Bronze-Age Miners Brought Cooked Meals To Work 1,000 Years Ago

Austrian researchers have revealed that Bronze-Age miners used to bring cooked lunches to their workplace.

The study looked into the dietary habits of workers in the Late Bronze Age in the Austrian state of Lower Austria, and was led by Dr Andreas Heiss of the Austrian Academy of Sciences.

Heiss and his associates found charred remains of millet, cereal grains and lentils which they obtained from Prigglitz-Gasteil in the Eastern Alps, a copper mine that was active between 1,100 and 900 BC, during the Late Bronze Age.

While not quite Cornish pasties, the research team did identify a number of cereal plant remains with signs of various forms of processing, such as grinding and dehulling.

Heiss et al, 2021, PLOS ONE, OAW, OAI/Newsflash
Charred finds of the most important cultivated crops from the Late Bronze Age layers at Prigglitz-Gasteil including (a-c) a proso millet (Panicum miliaceum), a foxtail millet (Setaria italica), a lentil (cf. Lens culinaris).

However, there was no evidence of this kind of preparation being done at the mine, which suggests the cereal was processed and possibly cooked off-site before being brought to the mine.
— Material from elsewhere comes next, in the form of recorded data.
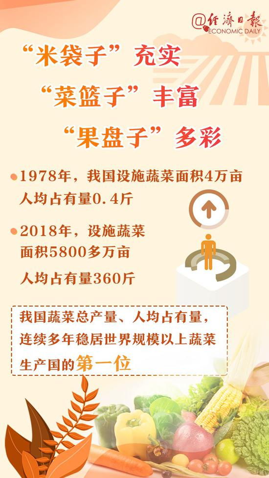 在高精度卫星地图上,可以清晰看到山东寿光每个蔬菜大棚的位置。从小土棚,到下挖式卷帘棚,到无立柱钢结构大棚,再到物联网云棚,当地蔬菜大棚已经发展到了第七代。有了大棚蔬菜,人们享用的蔬菜品种比世界任何地方都要多。数据显示,1978年,我国仅有设施蔬菜面积4万亩、人均占有量0.4斤;2018年,设施蔬菜面积达5800多万亩、人均占有量360斤。我国蔬菜总产量、人均占有量,连续多年稳居世界规模以上蔬菜生产国的第一位。
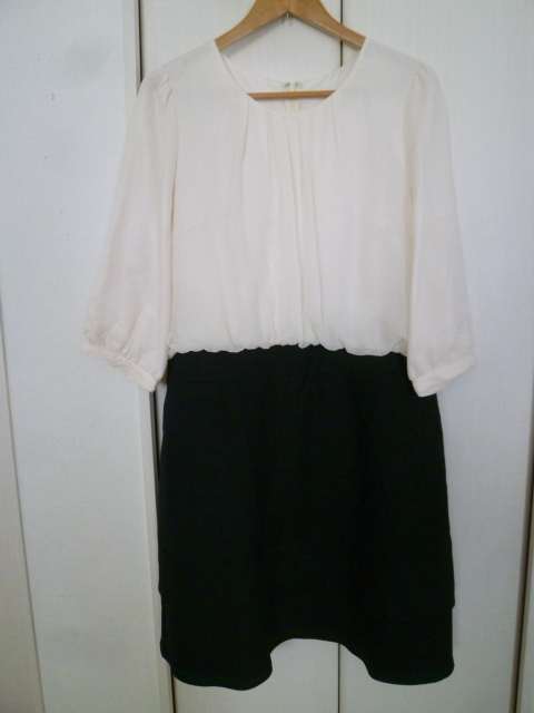 - Add Rouge◇アイボリー×紺異素材ドッキングワンピース17ABRネイビー結婚式入園入学式卒園卒業式パーティー膝丈長袖◇OP730
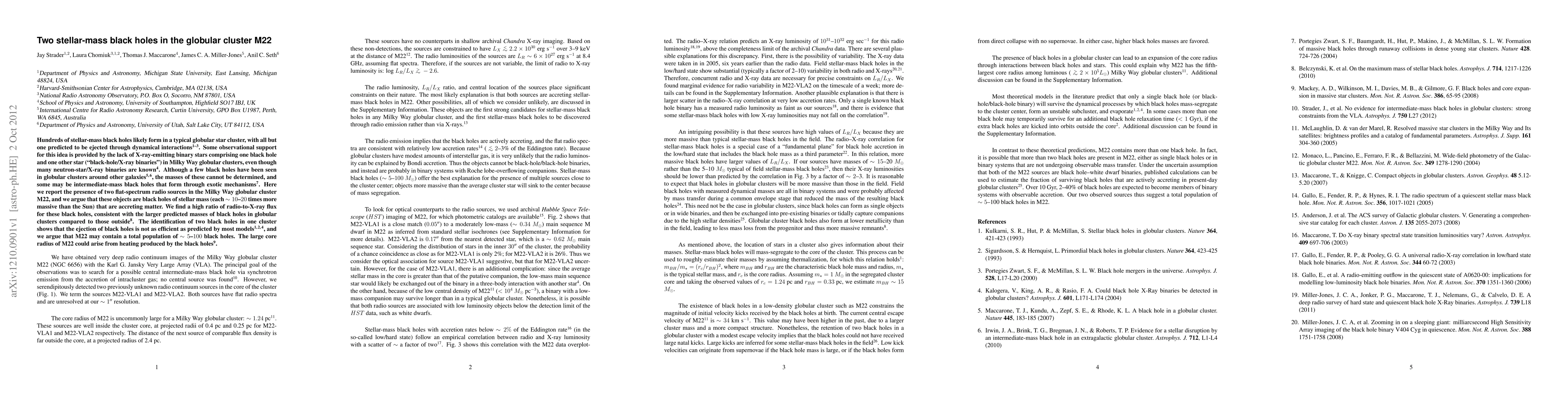 This paper identifies two stellar-mass black holes in the Milky Way's globular cluster M22, challenging the prediction that most black holes are ejected through dynamical interactions. The discovery suggests a total population of 5-100 black holes in M22 and implies that black hole ejection may not be as efficient as previously thought.
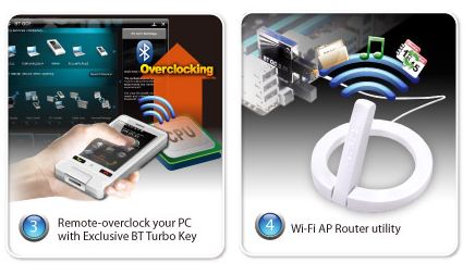 Deluxe im wahrsten Sinne des Wortes bietet auch die restliche Ausstattung an. Angefangen beim BT Go 3.0-Modul, das die ATX-Blende mit WLAN und Bluetooth versorgt, damit der Nutzer ganz bequem Daten zwischen seinem PC und den mobilen Geräten austauschen und synchronisieren kann. Die mitgelieferte Antenne sorgt für eine bessere Signalstärke und ermöglicht es, die Mobilgeräte als Fernsteuerung zu benutzen. Eine spezielle Asus-Oberfläche dient dann der Steuerung, die beispielsweise zum Übertakten benutzt werden kann. Das mausgesteuerte UEFI-BIOS zeigt im EZ-Modus, der über den Kurzbefehl F3 aufgerufen werden kann, alle häufig genutzten Einstellungen an. Mit F12 lässt sich ein Screenshot der BIOS-Einstellungen machen, um Konfigurationsprobleme durch Dritte lösen zu lassen. Eine weiter neue Funktion besteht in einem Speichertest, der schadhafte RAM-Module erkennt – sehr hilfreich bei Bootproblemen und PC-Abstürzen. Zum schnellen Flashen des BIOS-Chips kann ein USB-Stick genutzt werden, wobei der PC lediglich mit einem Stromkabel verbunden sein muss.
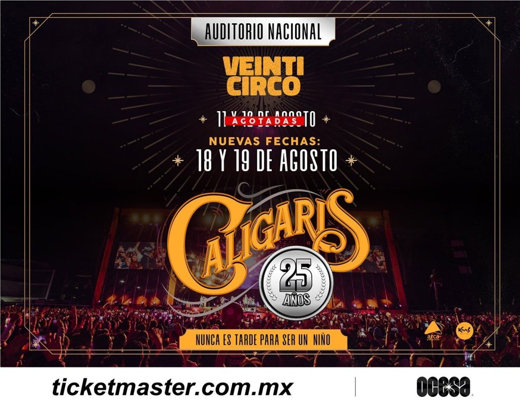 Debido a la gran demanda de sus fans, Los Caligaris añaden dos conciertos más en el Auditorio Nacional de su gira Veinticirco, el show más importante de su carrera que celebra su primer cuarto de siglo. Las nuevas fechas confirmadas son el 18 y 19 de agosto de 2022; podrás adquirir tus entradas en la Preventa Citibanamex el 6 y 7 de abril o, un día después en la taquilla del inmueble y a través de www.ticketmaster.com.mx.
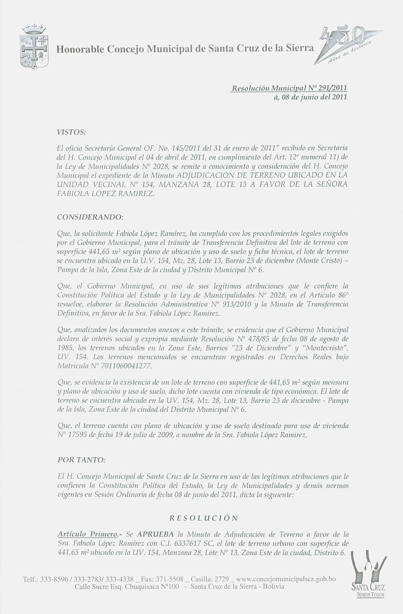 Aprueba la Minuta de Adjudicación de Terreno a favor de la Sra. Fabiola López Ramírez el lote de terreno urbano con superficie de 441,65 m2ubicado en la UV. 154, Manzana 28, Lote Nº 13, Zona Este de la ciudad, Distrito 6.
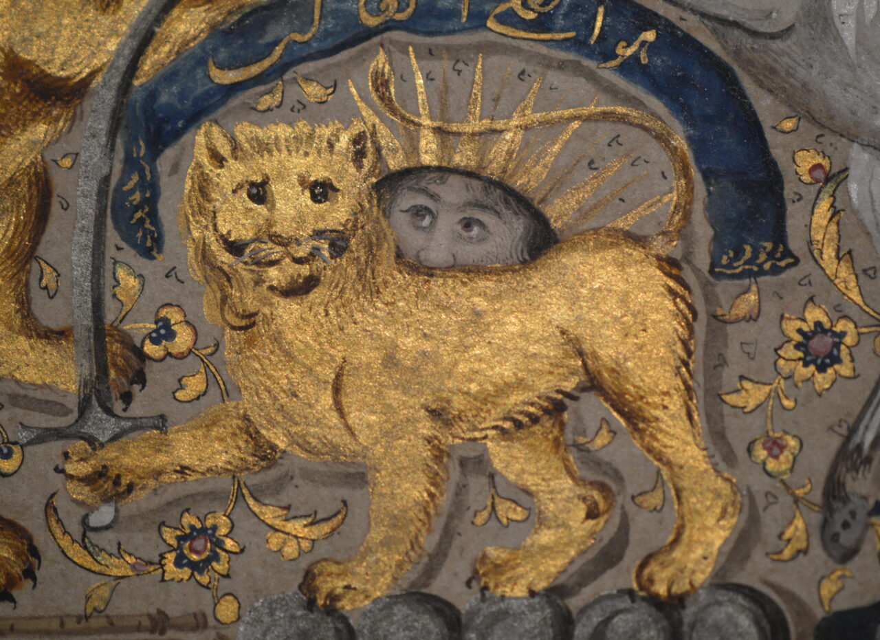 Das berühmteste Symbol für den Schah ist das Shir-o-Khorshid (Löwe und Sonne), das nationale Emblem Persiens bis 1979: Der Löwe steht für Stärke und Heldentum, die Sonne mit Gesicht für den Schah. Indem das Gesicht der Sonne klein und nur andeutungsweise sichtbar ist (hinter der Krone, über dem Löwen), wird der Schah nicht als normaler Mensch gezeigt, sondern als transzendente, himmlische Macht. Es ist keine realistische Porträtähnlichkeit, sondern eine vergöttlichende Allegorie.

Heiss said: “All the early stages of processing were missing and this is usually a good indicator for a consumer habit that people did not produce it themselves, but received food that was already pre-processed.”

It is still unclear where the delivered foods were originally processed, although researchers suspect nearby farmlands or possibly more distant sources.

As liquids were not preserved, researchers cannot precisely determine which dishes were part of the miners’ diet.

Previous research showed that these miners had pork delivered to them, but the newest findings suggest that plant-based foods were a major part of their diet too.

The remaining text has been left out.